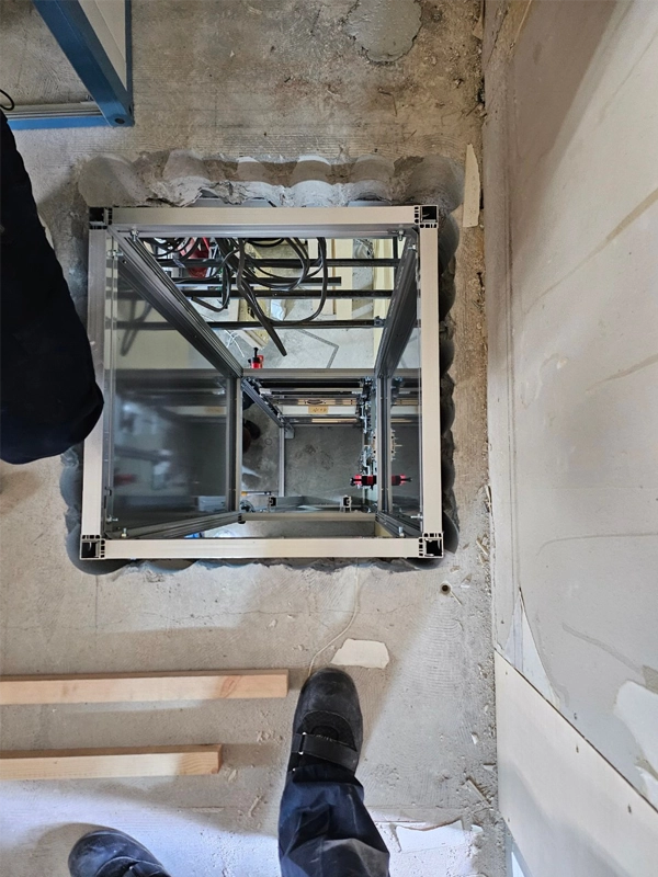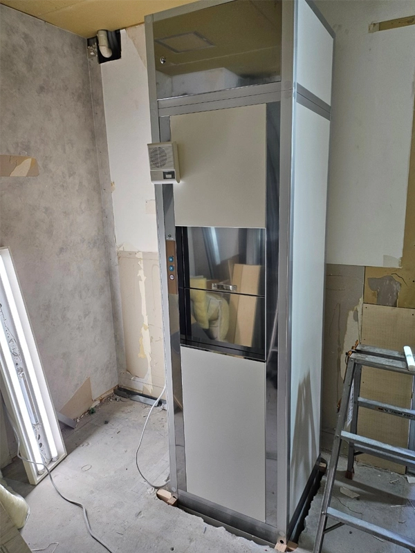 - 店舗スペースが限られていたのと、昇降機用の電源が単相200Vとの事で、仕様を変更しました(標準は三相200V)
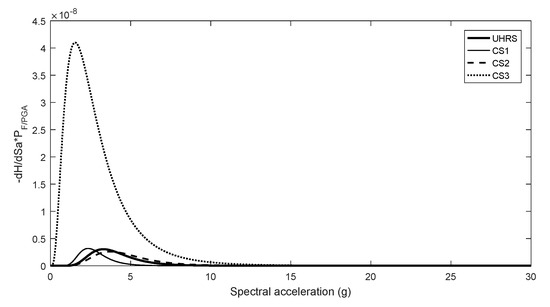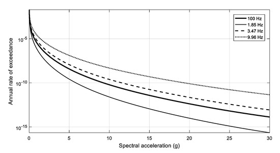 where is the conversion factor listed in the last column of Table 4, based on the spectral accelerations for a return period of 10,000 years. The hazard curve for the spectral acceleration at 100 Hz and the three control frequencies, CS, is plotted in Figure 14, and the integrand of Equation (10) representing the probability density of failure is shown in Figure 15. Table 8 summarizes the calculated failure probabilities. For UHRS, it is not rational to select a single curve among seismic hazard curves defined at different frequencies because the UHRS has the same probability of exceedance for each frequency. Therefore, the UHRS-based seismic fragility curve was convolved with the seismic hazard curve for 100 Hz and the three control frequencies respectively. Moreover, the CS-based seismic hazard curve was convolved with the seismic hazard curve for the corresponding control frequencies.
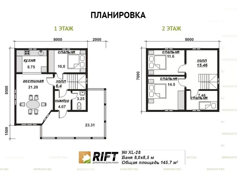 Дом XL28 из бруса — это тепло, надежность и природная эстетика. 145 м2 позволяют создать комфортные условия для всей семьи. Натуральный брус хорошо удерживает тепло и придает дому уют. Он безопасен для здоровья, создает благоприятный микроклимат и подходит для круглогодичного проживания.
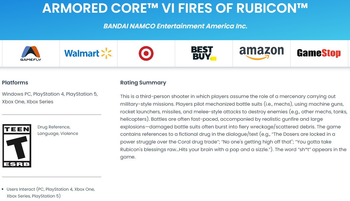 《装甲核心6》被ESRB评为T级 有暴力元素和不文明用语
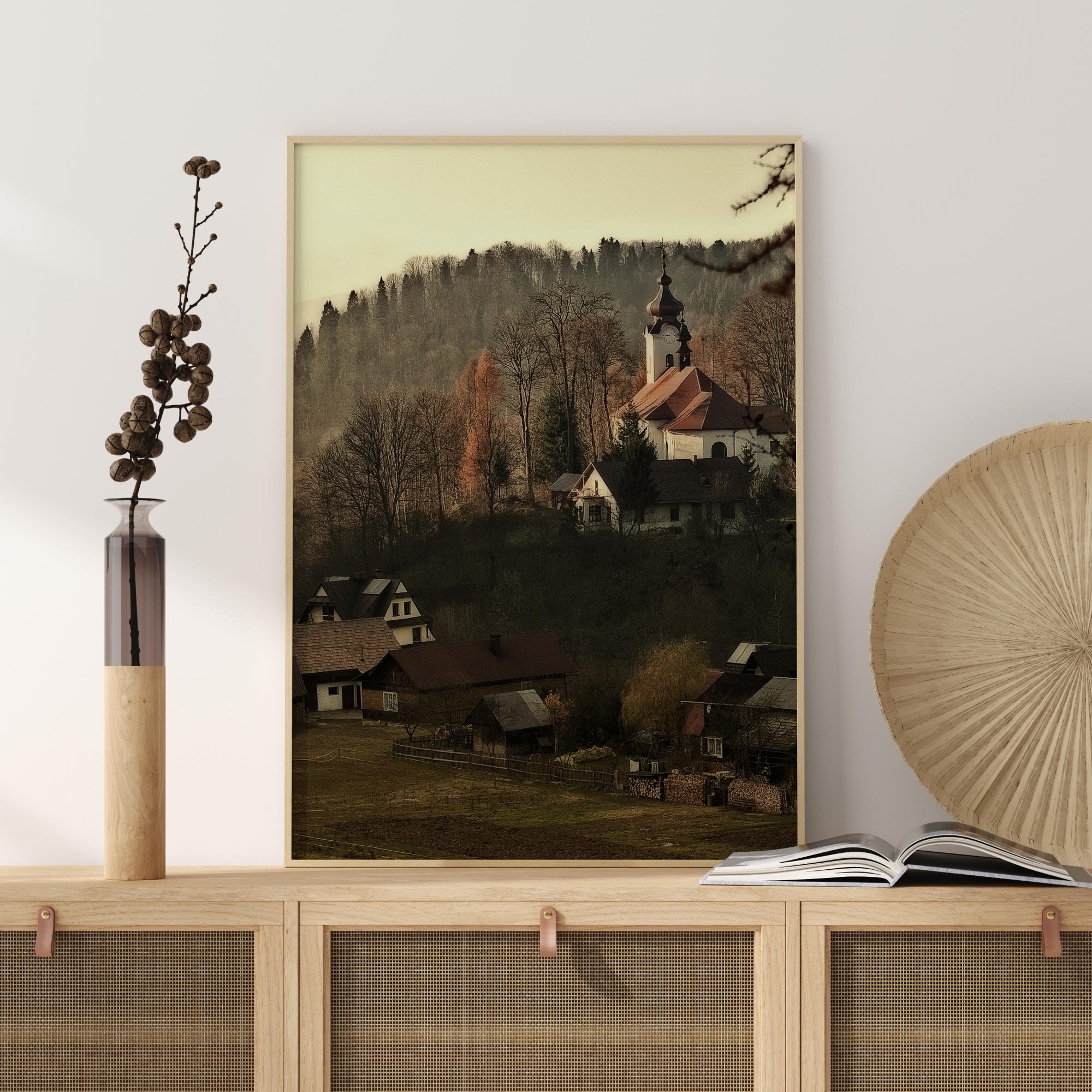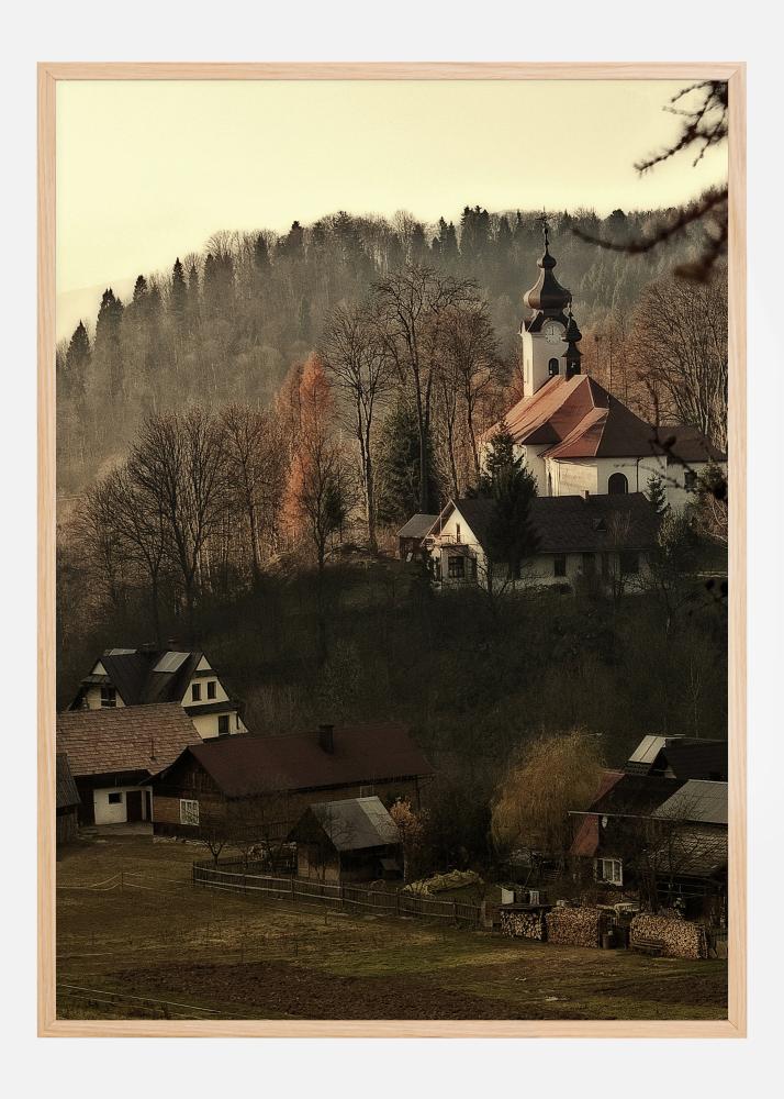 A townscape poster of a small rural village with old houses and fields with tree covered hills behind. A white church tower stands tall against the muted browns and greens of the landscape. Immerse yourself and your imagination in this quaint village when you add this poster to your wall.
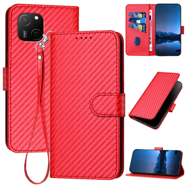 Funda de Cuero para Huawei P30 Yx0070 con Hebilla de Fibra de Carbono y Cordón (Rojo)
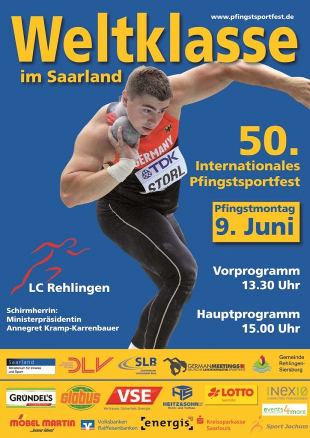 German Meetings – 50. Pfingstsportfest in Rehlingen mit Doppel-Weltmeister David Storl
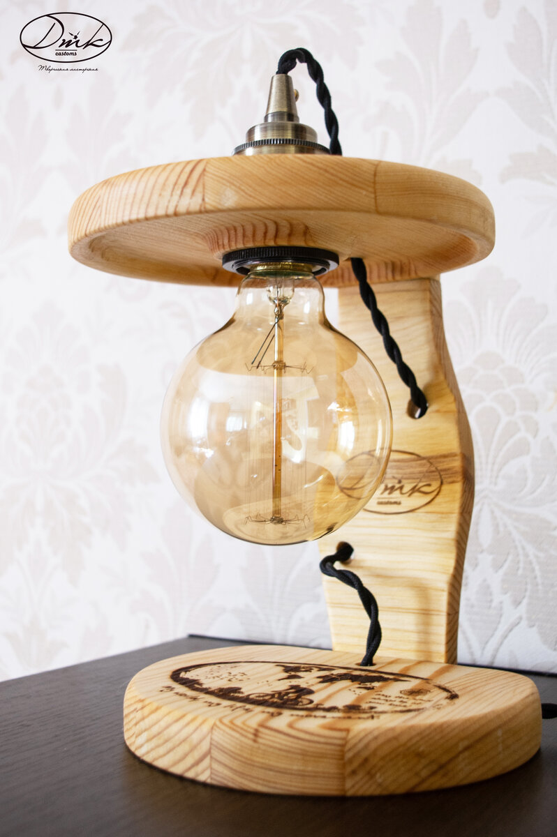 Настольная лампа "Мy world". Настольная лампа двойного назначения. Может быть использована, как настенный светильник. Станет отличным подарком. Материалы - клееная сосна, латунь. Рисунок нанесен методом выжигания. Пропитка льняным маслом, защищающим от влаги, но сохраняющим естественный цвет дерева. Лампа накаливания "Винтаж" 60Вт, дает приятный, уютный теплый свет. Внешний проводной выключатель. Витой шнур "Ретро" , длина 1500мм. Размеры 290х170х180. Лампу можно заказать через группу ВКонтакте https://vk.com/dmkcastoms.

__________________________________________________

**What to produce**. Leave out the pictures and copy everything else in the records word for word.

**Solution to the problem**.
 - 店舗スペースが限られていたのと、昇降機用の電源が単相200Vとの事で、仕様を変更しました(標準は三相200V)
 where is the conversion factor listed in the last column of Table 4, based on the spectral accelerations for a return period of 10,000 years. The hazard curve for the spectral acceleration at 100 Hz and the three control frequencies, CS, is plotted in Figure 14, and the integrand of Equation (10) representing the probability density of failure is shown in Figure 15. Table 8 summarizes the calculated failure probabilities. For UHRS, it is not rational to select a single curve among seismic hazard curves defined at different frequencies because the UHRS has the same probability of exceedance for each frequency. Therefore, the UHRS-based seismic fragility curve was convolved with the seismic hazard curve for 100 Hz and the three control frequencies respectively. Moreover, the CS-based seismic hazard curve was convolved with the seismic hazard curve for the corresponding control frequencies.
 Дом XL28 из бруса — это тепло, надежность и природная эстетика. 145 м2 позволяют создать комфортные условия для всей семьи. Натуральный брус хорошо удерживает тепло и придает дому уют. Он безопасен для здоровья, создает благоприятный микроклимат и подходит для круглогодичного проживания.
 《装甲核心6》被ESRB评为T级 有暴力元素和不文明用语
 A townscape poster of a small rural village with old houses and fields with tree covered hills behind. A white church tower stands tall against the muted browns and greens of the landscape. Immerse yourself and your imagination in this quaint village when you add this poster to your wall.
 Funda de Cuero para Huawei P30 Yx0070 con Hebilla de Fibra de Carbono y Cordón (Rojo)
 German Meetings – 50. Pfingstsportfest in Rehlingen mit Doppel-Weltmeister David Storl
 Настольная лампа "Мy world". Настольная лампа двойного назначения. Может быть использована, как настенный светильник. Станет отличным подарком. Материалы - клееная сосна, латунь. Рисунок нанесен методом выжигания. Пропитка льняным маслом, защищающим от влаги, но сохраняющим естественный цвет дерева. Лампа накаливания "Винтаж" 60Вт, дает приятный, уютный теплый свет. Внешний проводной выключатель. Витой шнур "Ретро" , длина 1500мм. Размеры 290х170х180. Лампу можно заказать через группу ВКонтакте https://vk.com/dmkcastoms.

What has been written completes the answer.